Myth #4 – Eating red meat displaces vegetables in the diet.
This may be the case with other food groups but with red meat, Australians usually eat it with vegetables. On average Australians eat red meat with 4 or more vegetables and as part of a meal.4 The last national nutrition survey actually found that as red meat intake increased so did vegetable intake.1    
    
Myth #5 – When eating out vegetarian meals are healthier.
Vegetarian dishes are not always the healthier option because they may be higher in fat, particularly if they have been fried or are made with cheese, cream or pastry. Dishes which include lean red meat, skinless chicken and fish can be relatively low in fat and therefore a healthy option particularly when grilled and combined with vegetables.

Myth #6 – Sausages are made with processed meat.
Sausages in Australia are generally made from fresh red meat. When people think of sausages they automatically think of the processed sausages in Europe which include a range of fermented and preserved meats such as frankfurts, kranski or chorizo.

Myth #7 – Red meat increases cholesterol.
A number of studies have shown that a healthy diet, which includes lean red meat, can improve cholesterol levels.5 Red meat, trimmed of all visible fat, contains relatively low levels of total and saturated fats. The
National Heart Foundation has approved many lean beef, lamb and veal cuts with their Tick of Approval which means they have less than 4 per cent saturated fat.

Myth #8 – Red meat causes bowel cancer.
There is no evidence that red meat causes cancer. The evidence that fresh red meat increases the risk of colorectal (bowel) cancer is weak and inconsistent6. Key priorities for cancer prevention are reducing obesity, physical inactivity, smoking and alcohol.

Myth #9 – Diet has no effect on acne.
A study conducted by RMIT University in Melbourne on teenage and young adult males has challenged the myth that diet does not affect acne. The diet, inspired by those of more primitive societies where acne is virtually non-existent, included minimally processed foods such as lean red meat, fish, fruit, vegetables and wholegrains.
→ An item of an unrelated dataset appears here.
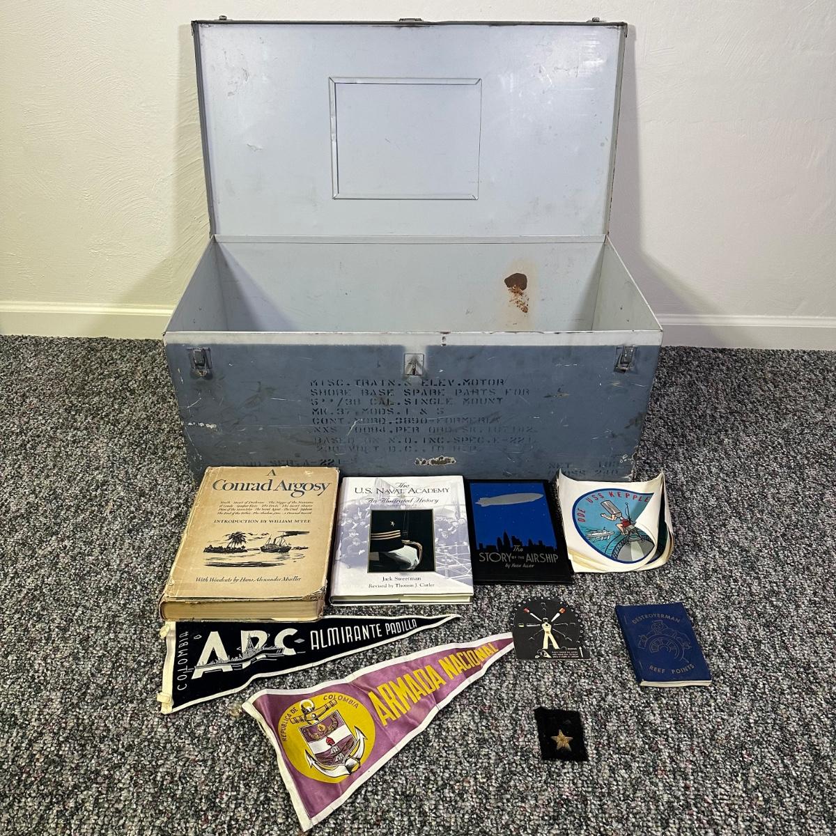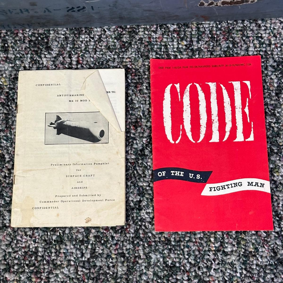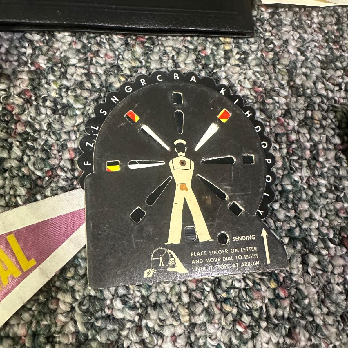 LOT 223B: WWII era US Navy Alphabet Flag Locker w/ Semaphore Trainer, Cuff, Books & More

After 12 weeks, their acne improved by 50 per cent which is similar to the effects of topical acne solutions. Professor Mann believes the minimally processed diet helped to control the hormonal imbalances associated with acne7

Myth #10 – Red meat can easily be substituted by plant protein sources.
Excluding red meat from the diet can lead to inadequate intakes of essential nutrients such as well-absorbed iron and zinc, vitamin B12 and omega-3s. Whilst plant protein sources, such as legumes, nuts and seeds provide a suitable substitute for protein, they are generally poorer sources of well-absorbed iron and zinc and do not contain vitamin B12 or long-chain omega-3s8. Careful planning is therefore required to ensure nutrient intakes are maintained if red meat is not eaten. Whilst vitamin and mineral supplements can be useful to meet nutrient requirements, food sources of nutrients provides better absorption as well as a naturally balanced range of other nutrients and protective substances in a tasty package.

References
1. Record S et al, (1999), Red meat consumption – results from the 1995/6 National Nutrition Survey, CSIRO Health Sciences Nutrition.
2. National Health and Medical Research Council, (2003), Dietary Guidelines for Australians, Canberra: Commonwealth Department of Health and Ageing.
3. Williams P et al, (2007), Food Australia, 58: 173-81.
4. Roy Morgan Research, (2007), Eating Behaviour
5. Li D et al, (2005), APJCN, 14(2):113-19.
6. Baghurst P, (2007), Nutrition & Dietetics, 64(S4).
7. Smith R et al, (2007), AJCN, 86(1): 107-15.
8. Shrapnel B et al, (2007), Nutrition & Dietetics, 64(4): 254-60.